The Islamic world is so rarely appreciated for its contrasts, this is doubly difficult for us as Americans, our stigmatized, polarized, oversimplified views are more often shaped by our media instead of by the actual realities and vast complexities that make up Islam today. Modern, innovative, cosmopolitan, Istanbul, Turkey is perhaps the best example of this- a crucible of all that Islam is, was, and will be in the future. A city with an ancient past, the historic crossroad between the Asian and European continents; Istanbul is still a city balanced between two worlds, often struggling to rid itself of its collective angst, while forging ahead into a prosperous future. A metropolis of fifteen million inhabitants, Istanbul has three thousand mosques, in a country where the national drink, "rocket" is a forty-five proof alcoholic beverage.
Istanbul has a long lived reputation as an exotic place
Walking the streets of Istanbul, one could be in any large, modern, European city. The streets are lined with stylish shops and busy cafes serving fashionably dressed young professionals. Despite its modern appearance, Istanbul has a long lived reputation as an exotic place; capturing the imaginations of travelers, artists, and writers from the west for centuries. With this being said, it's probably the most famous, yet least understood Muslim city on the planet, with a surprisingly tolerant attitude. At our hotel, women sunbathe topless by the pool, while the calls for mid-day prayers can be heard emanating from the mosques. And like Marrakech, there is also a large Jewish community here, who, along with a smaller Christian community, has lived peacefully together for a millennia.
The Bosporus, the strait that connects the Black Sea, with the Sea of Marmara, and ultimately the Mediterranean, is a waterway that has been repeatedly defended, conquered, and fought over for thousands of years due to its vital strategic importance.

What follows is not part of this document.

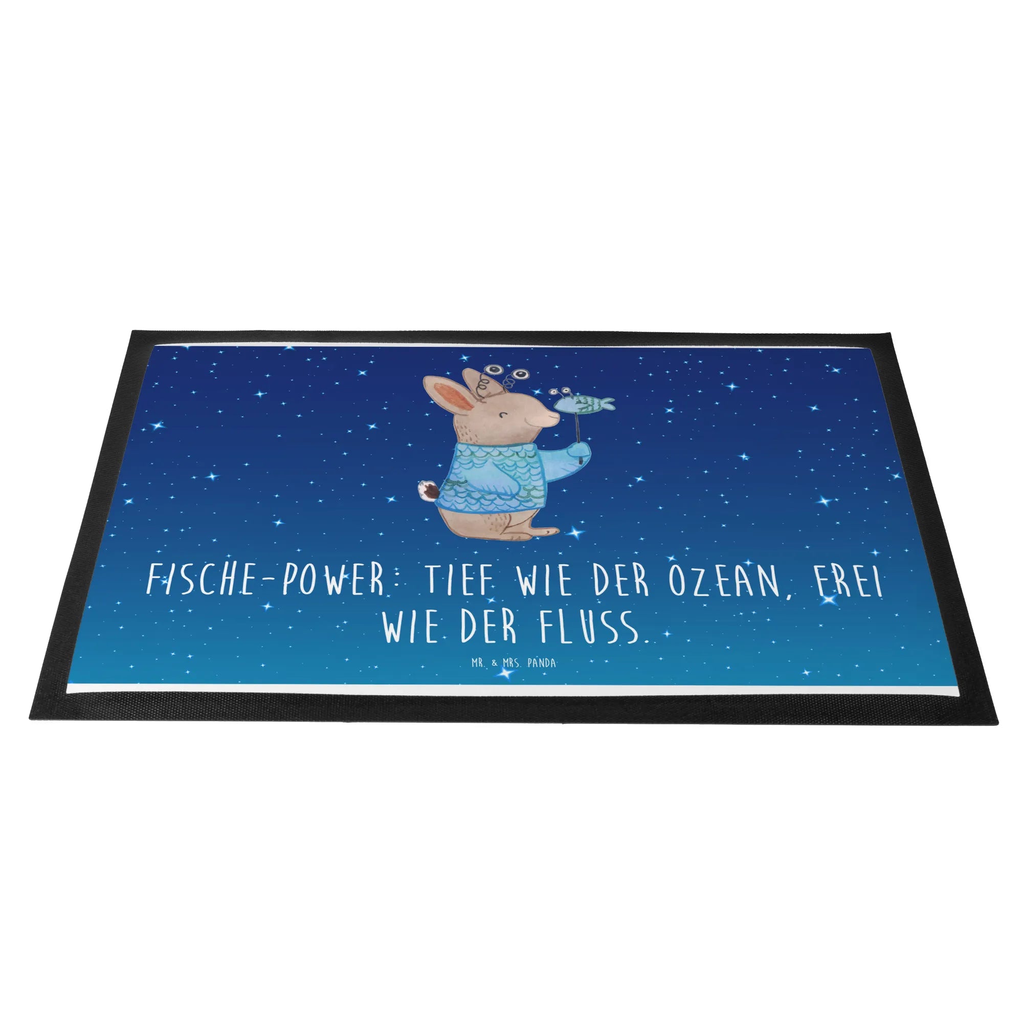 Die Fußmatte mit dem Motif "Fische Astrologie" von Mr. & Mrs. Panda ist das perfekte Geschenk für alle, die mit den Sternen und der Astrologie verbunden sind. Mit einem charmanten Design, das ein fröhliches Kaninchen in einem Fischkostüm zeigt, bringt diese Schmutzmatte eine besondere Note in jeden Flur.

It divides the European continent from the Anatolian peninsula of western Asia, and it runs right through the middle of Istanbul, making this city the only one in the world that spans two continents. We took an evening cruise yesterday, the Bosporus is at the center of social life and social status here. Surprisingly unpolluted, blue, and beautiful, The shores are crowded with palaces both old and new- from the ones built by the Sultans of the past, to exclusive mansions built by the modern moguls of capitalism. These sit side by side along with magnificent Mosques, restaurants, hotels, and fishing piers lined with recreational anglers. The strait itself is a bustling highway of large scale commercial shipping, a fleet of cruise ships, sleek yachts, and small fishing boats.
The food here is wonderful- the mix of east and west creates a style and flavors that are like nothing Art and I have ever experienced. The dishes are prepared with meticulous care and served with an equal amount of fanfare. Every meal was an adventure and a delight. We stayed in a hotel that was once a palace of the Sultans. It was burnt in 1909, and sat as an empty shell for several decades until it was renovated into the Kempinsky Hotel. They're just finishing up a Four Seasons hotel next door- that building was once a notorious prison. The irony is inescapable- just like the prison used to be. We spent our first afternoon shopping the famous Grand Bazaar, once the oldest market of its kind, now it caters mostly to the tourist trade brought in by the cruise ships, but there are still many wonderful and fascinating things to be seen and purchased there. The next day was spent touring the city and its famous Mosques, every bit as impressive and beautiful as the cathedrals of Europe, we were never asked to wear head scarfs, but Art did have to wear a long skirt to cover his legs as he was wearing shorts. No problem- he looks great in a skirt! Like so much of this journey, Istanbul held many pleasant surprises, we were put at ease from the start, and had a great time exploring this part of the world- definitely worth a return visit.